- _Provided material_
________________
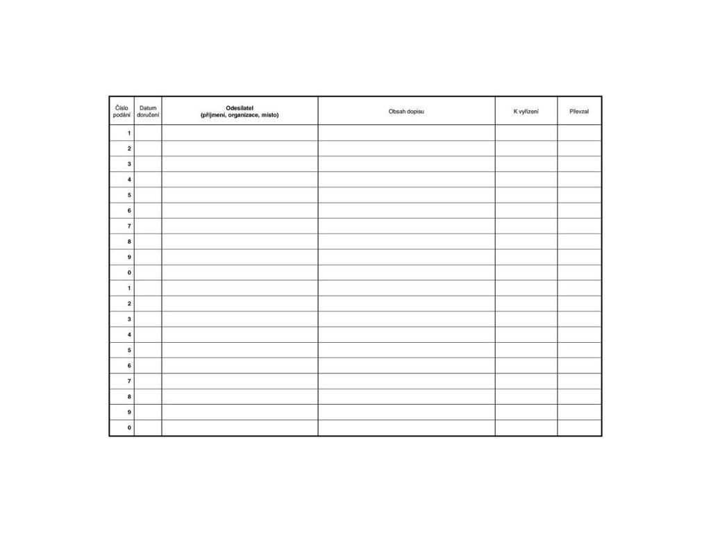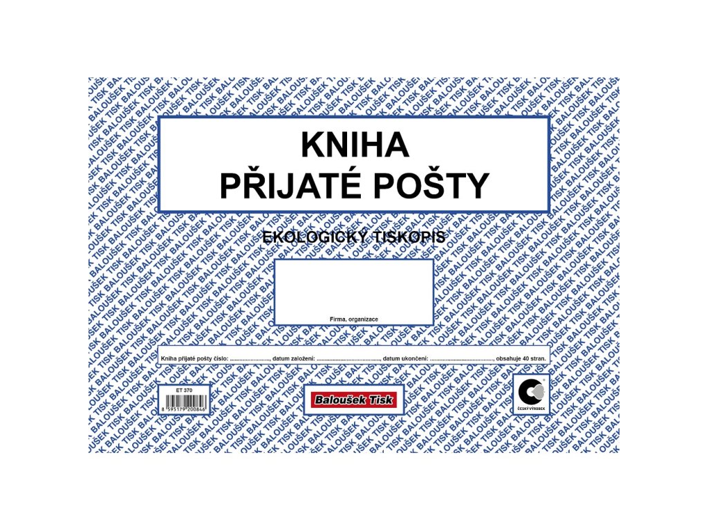 Kniha přijaté pošty slouží k evidenci veškeré příchozí korespondence v organizaci. Obsahuje 40 oboustranných stran ve vazbě V1, vyrobených z recyklovaného hlazeného papíru. Vnitřní tisk je proveden černou barvou pro maximální přehlednost.
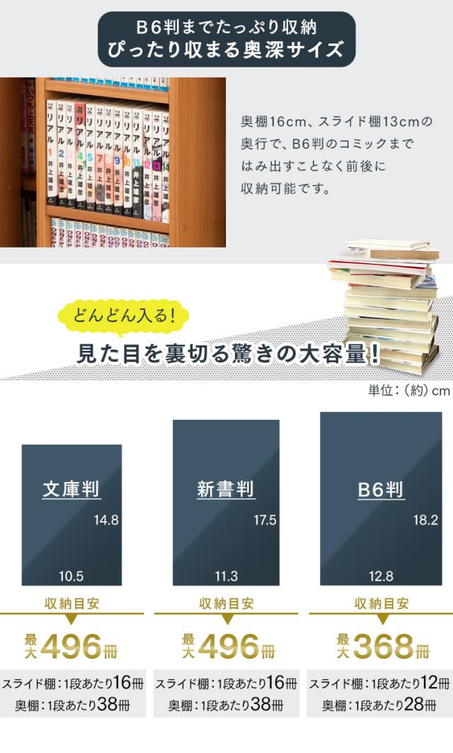 たっぷり収納&奥の本も出し入れしやすいコミックラックです。
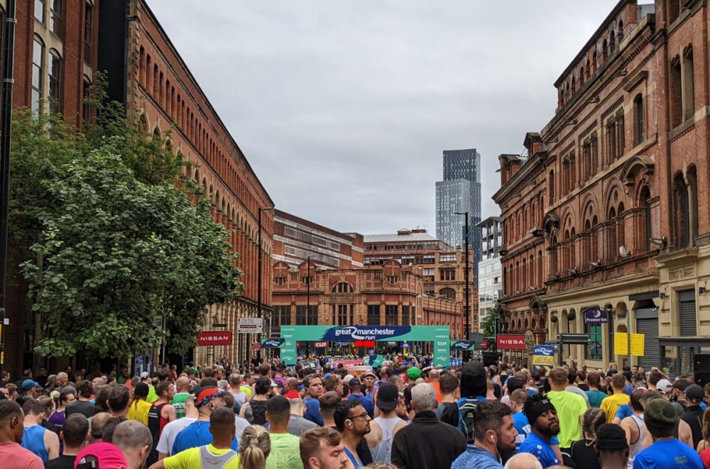 A crap night’s sleep the night before thanks to a house party on our cul-de-sac didn’t help matters, especially with the already-early 9am start time dropping back even further from 2021 onwards to 8:30. To make things even worse, my stupid brain woke me up wayyyyyy earlier than I needed to and so bleary-eyed and heavy-legged I staggered across town from station to startline, the route across central Manchester dotted with the occasional Saturday night casualty still going from the night before. It was time for my second race of the year, and my fourth go at the Great Manchester Run Half Marathon.
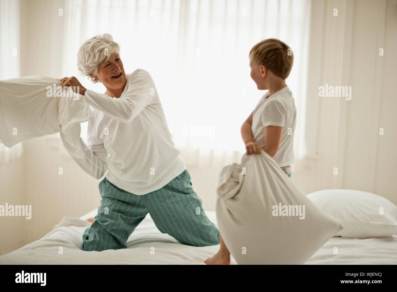 Tag : Femme mature et un jeune garçon ont un oreiller lutte sur un lit Photo Stock Alamy
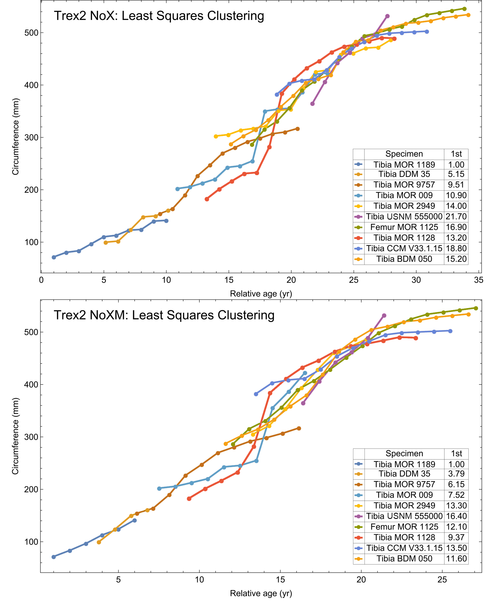 Tyrannosaurus dataset Trex2 growth series clustered by least squares, for NoX and NoXM variants.
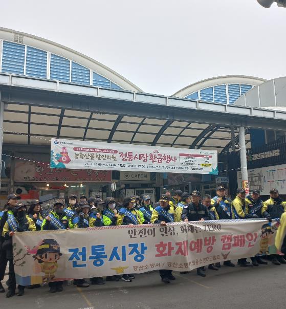 [무한뉴스=최진수 기자] 경산남성·여성의용소방대는 민족 대명절인 설을 앞두고 2월 10일, 경산공설시장 일대에서 안전하고 따뜻한 명절 분위기 조성을 위한 ‘전통시장 화재예방 캠페인’을 실시했다.
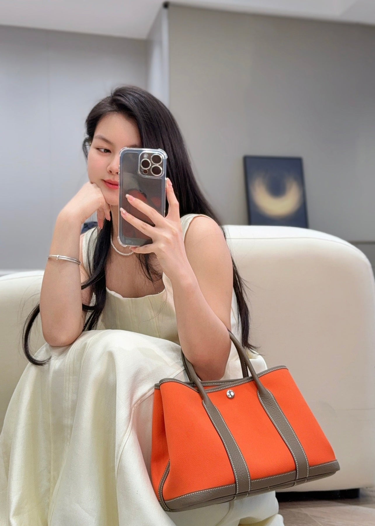 GARDEN PARTY 30CM IN ORANGE MINIMUM TOILETS COTTON CANVAS AND BROWN CALFSKIN
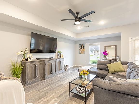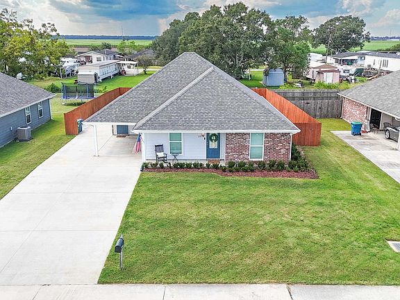 Welcome to 2574 Pineridge St. in Thibodaux’s Pineridge Estates Subdivision! This immaculate 3 bedroom, 2 bath home offers 1,483 sq. ft. of modern living with thoughtful updates and high-end finishes throughout. Built in 2018, this home has been meticulously maintained and it shows in every detail. The open floor plan is filled with natural light and features quartz countertops throughout, a large stainless steel farmhouse sink, soft-closing drawers, and recessed lighting. The stylish ceiling fans, fixtures and neutral wall colors add a modern touch. The spacious primary suite includes a large walk-in closet with built-ins, and an en-suite bathroom with a double vanity. All bedrooms are nicely sized with custom shelving in the closets. A secondary bedroom is currently styled with removable shelving and racks that resemble custom built-ins, creating a beautiful display space for clothing and shoes. Buyers have the option to keep these with the home. Step outside to a 10x22 covered patio (added in 2022) with gorgeous wood posts, overlooking the freshly fenced backyard with a sealed cedar fence for privacy. Additional updates include a new roof (just 5 months old), extended double driveway, and beautiful landscaping. Located at the end of a quiet neighborhood street, this home also comes with a termite contract for peace of mind. A transferable flood policy is available, though not required. Schedule your private showing today!
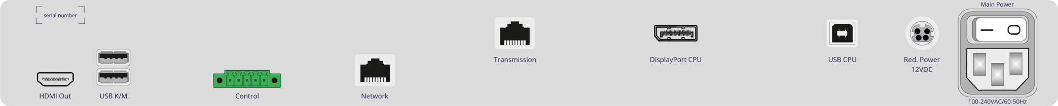 | Main Power | IEC plug 320 C14 | Power supply AC |
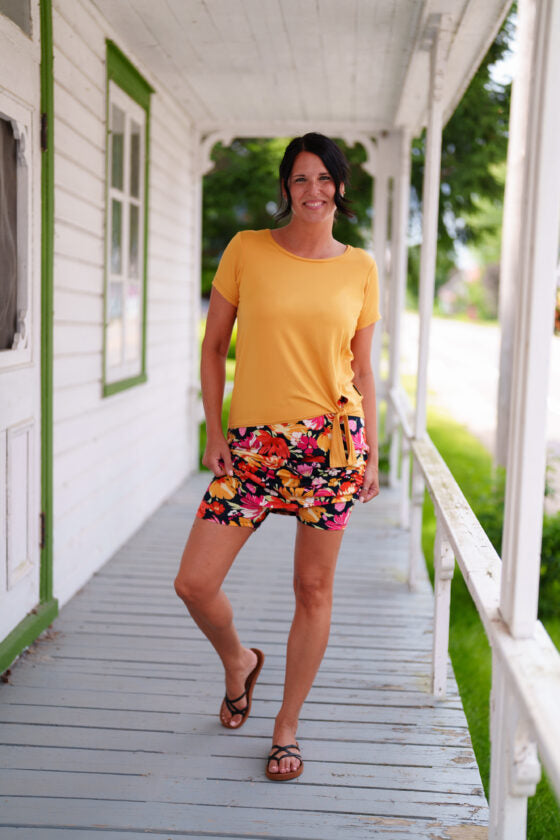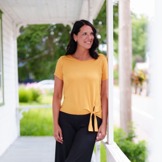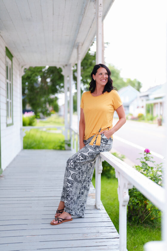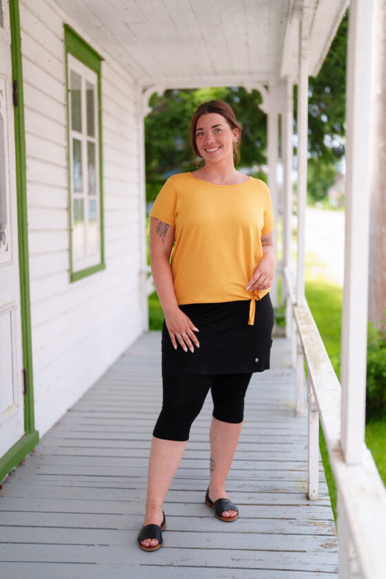 Le t-shirt tropical, en trois mots, c’est : couleur, douceur, candeur. Avec son nœud sur le côté et son tissu doux et extensible, il mise sur la simplicité pour mieux mettre en valeur votre éclat naturel. Un haut uni, mais loin d’être ordinaire! Si vous avez déjà acheté le t-shirt moderne à l’été 2025, sachez que c’est exactement le même patron. On a tout simplement changé le nom et le tissu pour un tissu tout aussi doux.
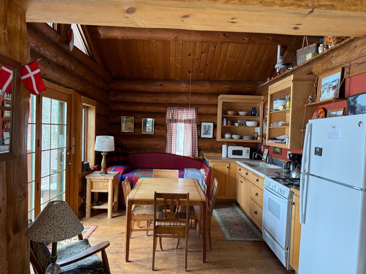 One bedroom cabin sit 50 feet from the shores of Caribou lake, clarity of up to 40 ft. and 160 feet de. One of the few lakes that still offer habitat for Lake trout. The cabin has a deck overlooking the lake, a fireplace, full kitchen and sleeps up to 5 or 6. A great place for a romantic retreat, and perfect for a small family or a few friends. Fantastic swimming, fishing and hiking trails right out your door. Well equipped kitchen, but no oil. Only one dog allowed in the summer.
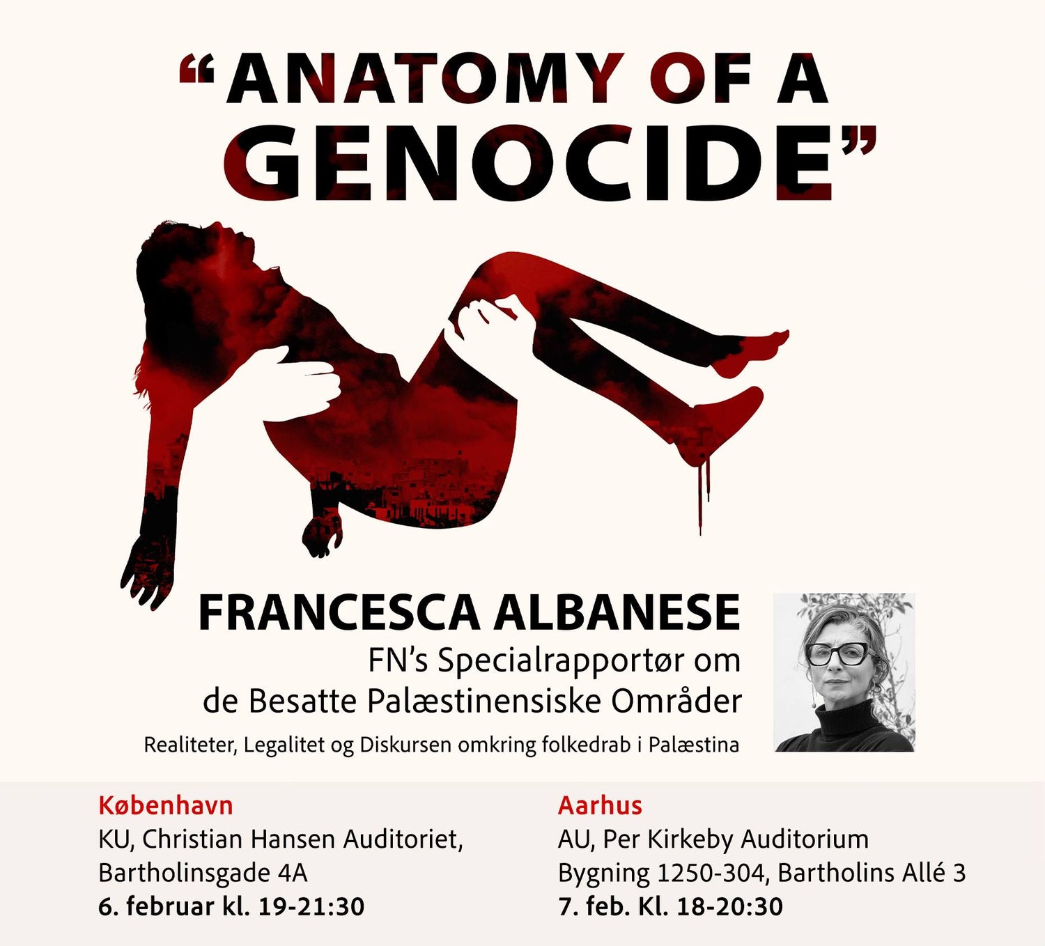 “Anatomy of a Genocide - Francesca Albanese” Arrangør: Nasim, DIC, Jøder for Retfærdig Fred, PSA Aarhus, PKI
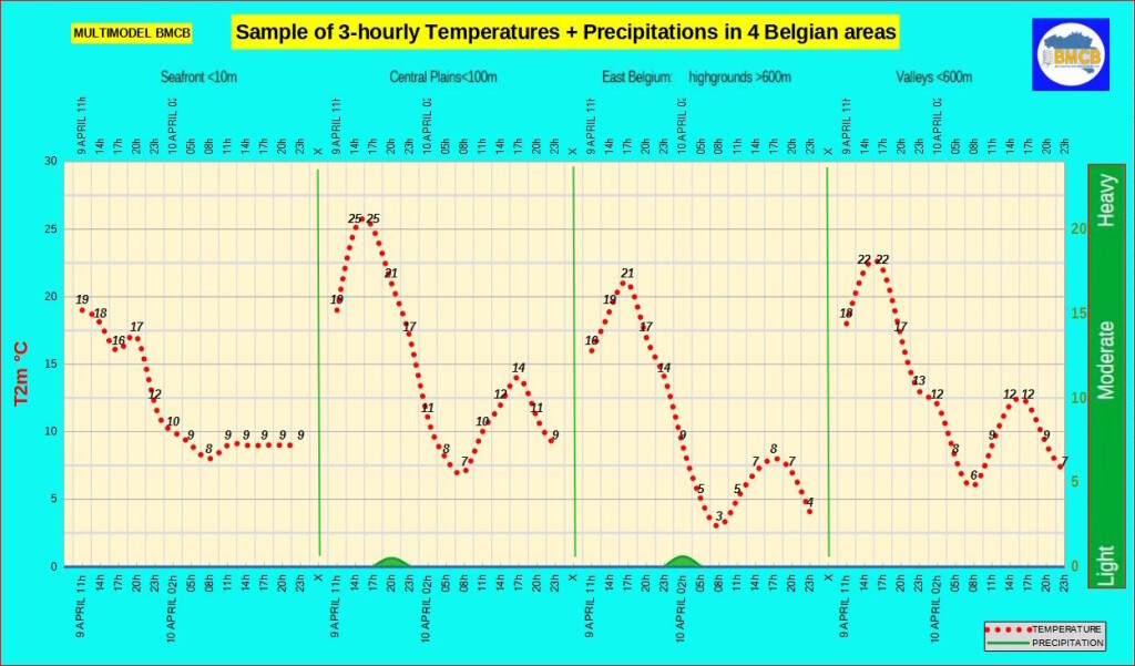 Tegen het einde van de namiddag en in de avond neemt de bewolking toe vanuit het westen met kans op enkele lichte buien, lokaal zelfs een geïsoleerde onweersbui, vooral in de Kempen. Tijdens de nacht wordt het zwaarbewolkt tot betrokken met plaatselijk lichte regen, vooral in de Ardennen. De wind draait naar noordwest en neemt toe. Minima tussen 3 en 9°C ten zuiden van Samber en Maas, 7 tot 9°C in het binnenland en ongeveer 8°C aan zee.
________________
Leaving aside the pictures, copy the listing above exactly.

- _Task result_
 Kniha přijaté pošty slouží k evidenci veškeré příchozí korespondence v organizaci. Obsahuje 40 oboustranných stran ve vazbě V1, vyrobených z recyklovaného hlazeného papíru. Vnitřní tisk je proveden černou barvou pro maximální přehlednost.
 たっぷり収納&奥の本も出し入れしやすいコミックラックです。
 A crap night’s sleep the night before thanks to a house party on our cul-de-sac didn’t help matters, especially with the already-early 9am start time dropping back even further from 2021 onwards to 8:30. To make things even worse, my stupid brain woke me up wayyyyyy earlier than I needed to and so bleary-eyed and heavy-legged I staggered across town from station to startline, the route across central Manchester dotted with the occasional Saturday night casualty still going from the night before. It was time for my second race of the year, and my fourth go at the Great Manchester Run Half Marathon.
 Tag : Femme mature et un jeune garçon ont un oreiller lutte sur un lit Photo Stock Alamy
 Tyrannosaurus dataset Trex2 growth series clustered by least squares, for NoX and NoXM variants.
 [무한뉴스=최진수 기자] 경산남성·여성의용소방대는 민족 대명절인 설을 앞두고 2월 10일, 경산공설시장 일대에서 안전하고 따뜻한 명절 분위기 조성을 위한 ‘전통시장 화재예방 캠페인’을 실시했다.
 GARDEN PARTY 30CM IN ORANGE MINIMUM TOILETS COTTON CANVAS AND BROWN CALFSKIN
 Welcome to 2574 Pineridge St. in Thibodaux’s Pineridge Estates Subdivision! This immaculate 3 bedroom, 2 bath home offers 1,483 sq. ft. of modern living with thoughtful updates and high-end finishes throughout. Built in 2018, this home has been meticulously maintained and it shows in every detail. The open floor plan is filled with natural light and features quartz countertops throughout, a large stainless steel farmhouse sink, soft-closing drawers, and recessed lighting. The stylish ceiling fans, fixtures and neutral wall colors add a modern touch. The spacious primary suite includes a large walk-in closet with built-ins, and an en-suite bathroom with a double vanity. All bedrooms are nicely sized with custom shelving in the closets. A secondary bedroom is currently styled with removable shelving and racks that resemble custom built-ins, creating a beautiful display space for clothing and shoes. Buyers have the option to keep these with the home. Step outside to a 10x22 covered patio (added in 2022) with gorgeous wood posts, overlooking the freshly fenced backyard with a sealed cedar fence for privacy. Additional updates include a new roof (just 5 months old), extended double driveway, and beautiful landscaping. Located at the end of a quiet neighborhood street, this home also comes with a termite contract for peace of mind. A transferable flood policy is available, though not required. Schedule your private showing today!
 | Main Power | IEC plug 320 C14 | Power supply AC |
 Le t-shirt tropical, en trois mots, c’est : couleur, douceur, candeur. Avec son nœud sur le côté et son tissu doux et extensible, il mise sur la simplicité pour mieux mettre en valeur votre éclat naturel. Un haut uni, mais loin d’être ordinaire! Si vous avez déjà acheté le t-shirt moderne à l’été 2025, sachez que c’est exactement le même patron. On a tout simplement changé le nom et le tissu pour un tissu tout aussi doux.
 One bedroom cabin sit 50 feet from the shores of Caribou lake, clarity of up to 40 ft. and 160 feet de. One of the few lakes that still offer habitat for Lake trout. The cabin has a deck overlooking the lake, a fireplace, full kitchen and sleeps up to 5 or 6. A great place for a romantic retreat, and perfect for a small family or a few friends. Fantastic swimming, fishing and hiking trails right out your door. Well equipped kitchen, but no oil. Only one dog allowed in the summer.
 “Anatomy of a Genocide - Francesca Albanese” Arrangør: Nasim, DIC, Jøder for Retfærdig Fred, PSA Aarhus, PKI
 Tegen het einde van de namiddag en in de avond neemt de bewolking toe vanuit het westen met kans op enkele lichte buien, lokaal zelfs een geïsoleerde onweersbui, vooral in de Kempen. Tijdens de nacht wordt het zwaarbewolkt tot betrokken met plaatselijk lichte regen, vooral in de Ardennen. De wind draait naar noordwest en neemt toe. Minima tussen 3 en 9°C ten zuiden van Samber en Maas, 7 tot 9°C in het binnenland en ongeveer 8°C aan zee.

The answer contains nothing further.